EXERCISE GOAL
Reproduce all of the data below without alteration; exclude every picture.

DATA FOR THIS EXERCISE
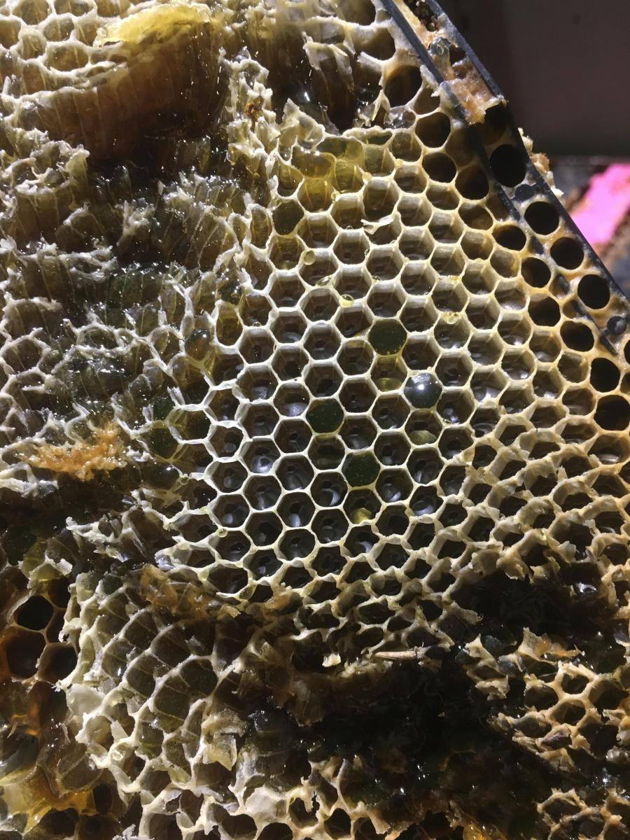 Kanuka honey has a green tint to it when seen in the honey frame (see picture!), but this disappears when the honey is extracted and potted.
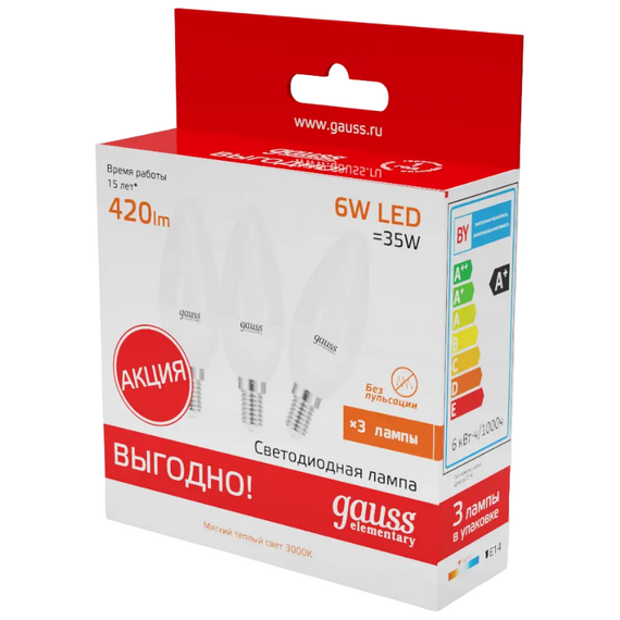 Светодиодная лампа Gauss Elementary Свеча 6W 420lm 3000K E14 (3 лампы в упаковке) LED 1/40 33116T подойдет как для домашнего, так и для коммерческого использования. Такой тип освещения прекрасно смотрится в светильниках без плафонов или устанавливается в люстры и бра. Равномерный спектр света создает зрительный комфорт в любом помещении.
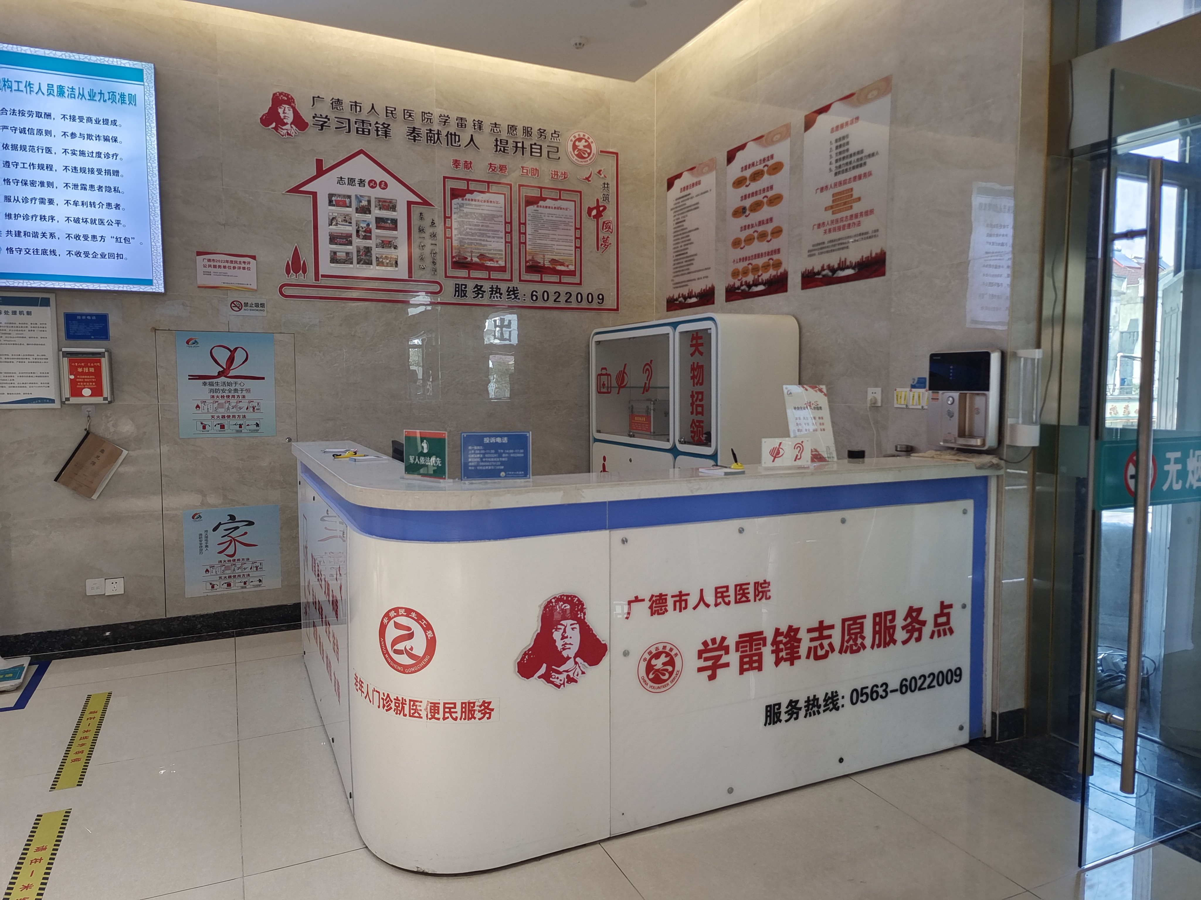 1、学雷锋志愿者点(门诊入口处):6022009 就医指引、健康咨询、提供便民服务设施。
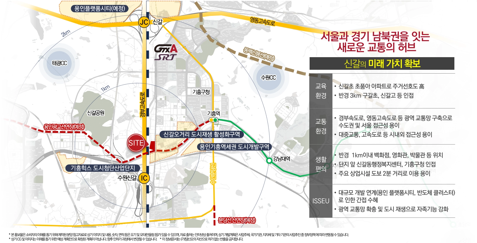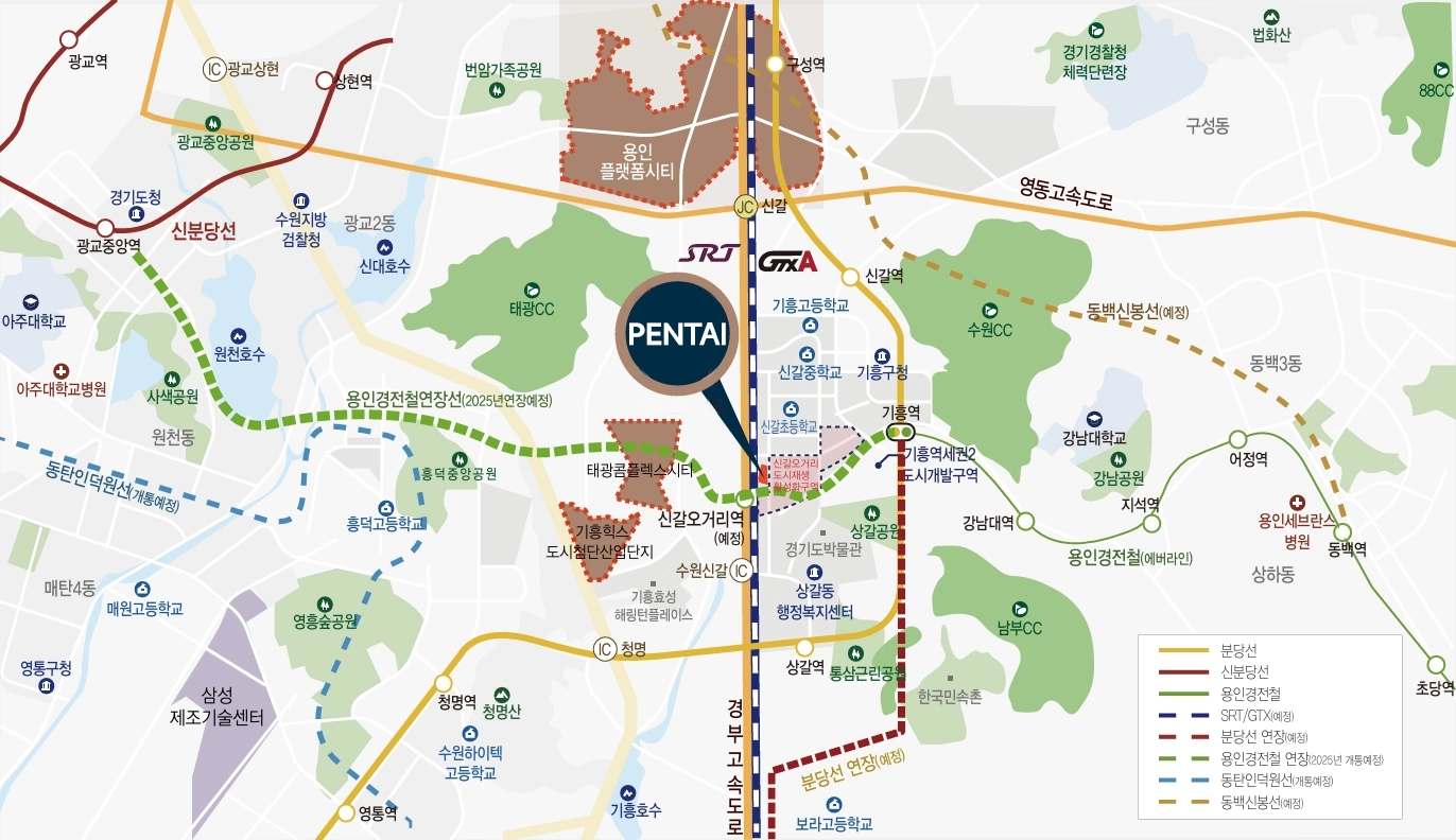 분당선, 신분당선,용인경전철,SRT,GTX-A등 교통의 중심 입지를 자랑하며, 도시첨단산업단지 등 풍성한 개발호재
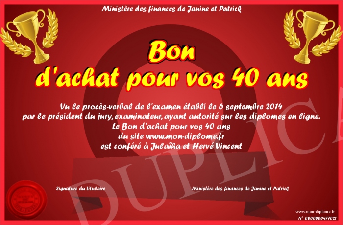 Envoyez par email votre Bon d'achat pour vos 40 ans personalisé
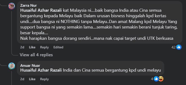 This was when one fellow rightist lamented how Chinese and Indian politicians are both dependent and “are nothing without Malay votes so much so it’s so unfortunate for Malays to support both races who are getting big-headed by the day”.
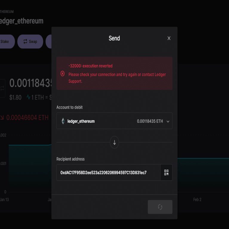 エラー「-32000:実行が元に戻りました」は、レジャーイーサリアムアカウントからETHを送信しようとしたときに発生しますが、トランザクションエラーが発生します。このエラーが発生すると、トランザクションは元の状態に戻りましたされていますので、ご安心ください。
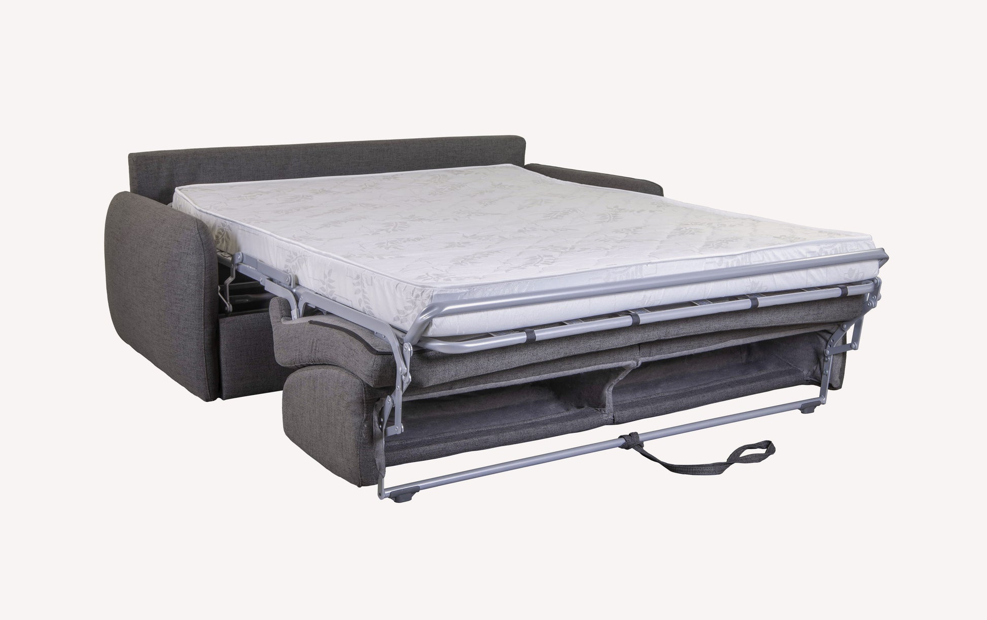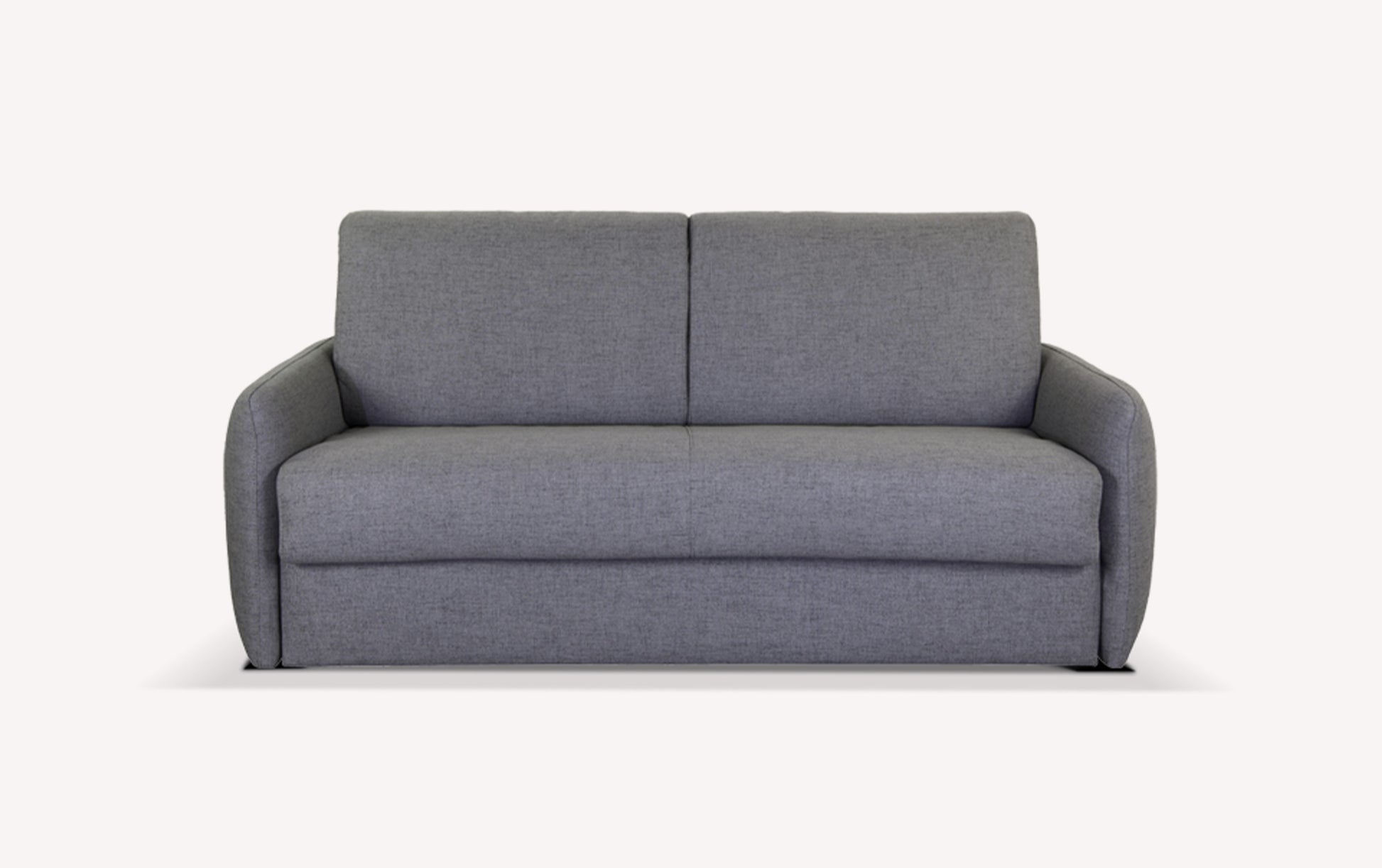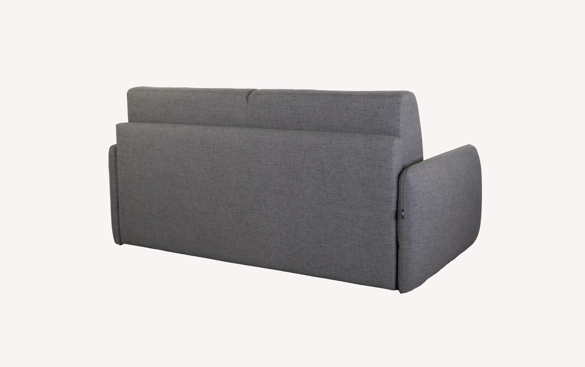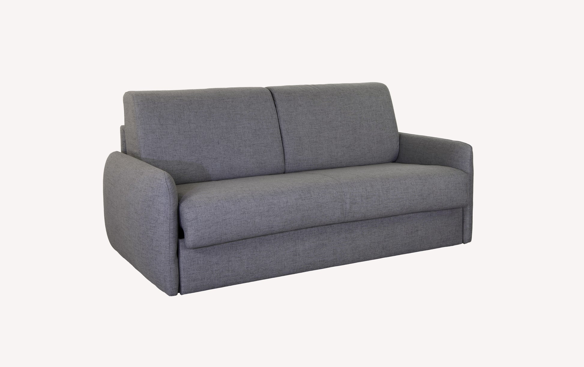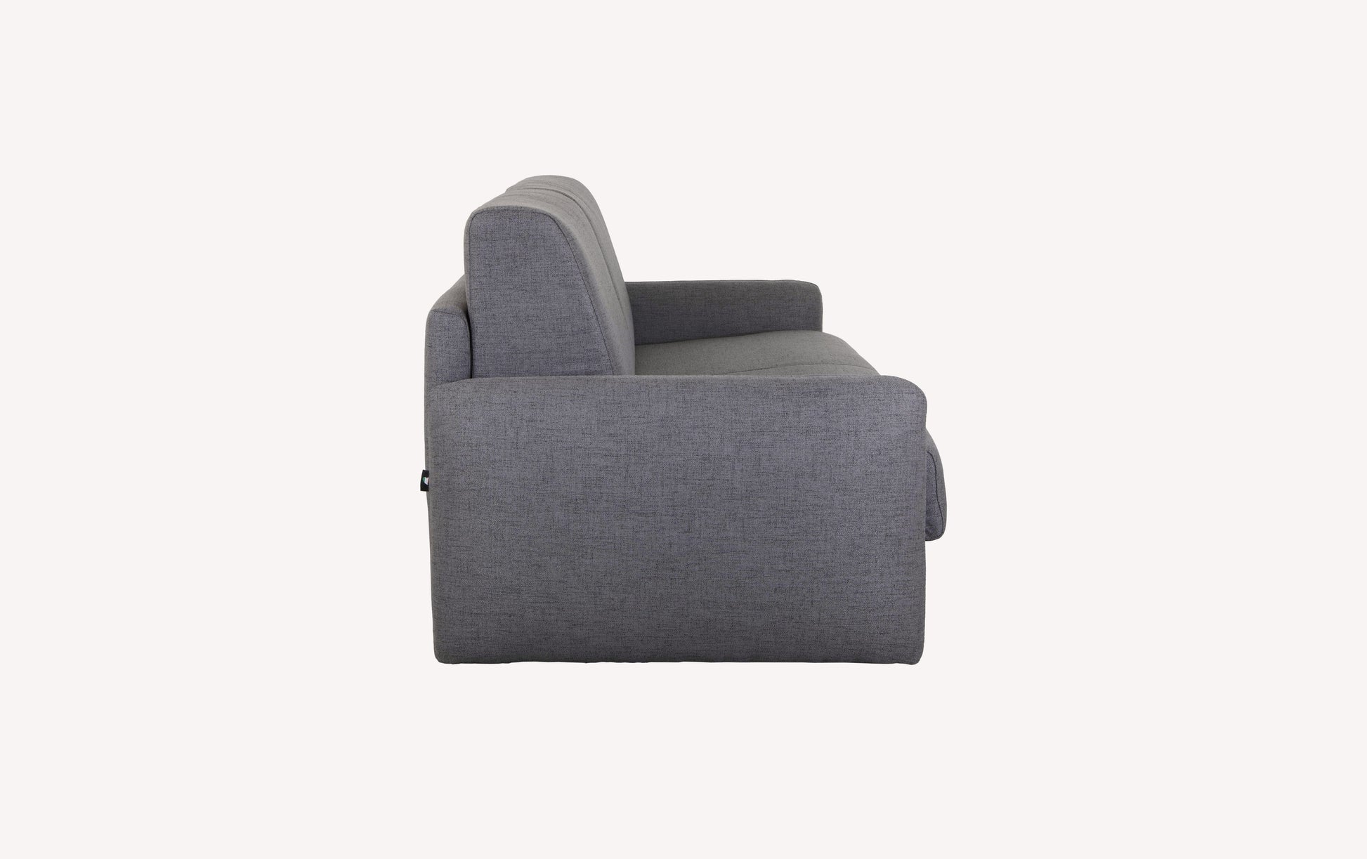 Discover the NEVADA model, the sofa convertible into a small bed. Sober and modern, this small rapido sofa, available in gray or blue fabric, has curved and very clean lines, in line with the trend. The finesse of the armrests of this compact convertible sofa brings true elegance to the piece of furniture. Compact, this designer mini convertible sofa offers three seats.

EXERCISE SOLUTION
 Kanuka honey has a green tint to it when seen in the honey frame (see picture!), but this disappears when the honey is extracted and potted.
 Светодиодная лампа Gauss Elementary Свеча 6W 420lm 3000K E14 (3 лампы в упаковке) LED 1/40 33116T подойдет как для домашнего, так и для коммерческого использования. Такой тип освещения прекрасно смотрится в светильниках без плафонов или устанавливается в люстры и бра. Равномерный спектр света создает зрительный комфорт в любом помещении.
 1、学雷锋志愿者点(门诊入口处):6022009 就医指引、健康咨询、提供便民服务设施。
 분당선, 신분당선,용인경전철,SRT,GTX-A등 교통의 중심 입지를 자랑하며, 도시첨단산업단지 등 풍성한 개발호재
 Envoyez par email votre Bon d'achat pour vos 40 ans personalisé
 This was when one fellow rightist lamented how Chinese and Indian politicians are both dependent and “are nothing without Malay votes so much so it’s so unfortunate for Malays to support both races who are getting big-headed by the day”.
 エラー「-32000:実行が元に戻りました」は、レジャーイーサリアムアカウントからETHを送信しようとしたときに発生しますが、トランザクションエラーが発生します。このエラーが発生すると、トランザクションは元の状態に戻りましたされていますので、ご安心ください。
 Discover the NEVADA model, the sofa convertible into a small bed. Sober and modern, this small rapido sofa, available in gray or blue fabric, has curved and very clean lines, in line with the trend. The finesse of the armrests of this compact convertible sofa brings true elegance to the piece of furniture. Compact, this designer mini convertible sofa offers three seats.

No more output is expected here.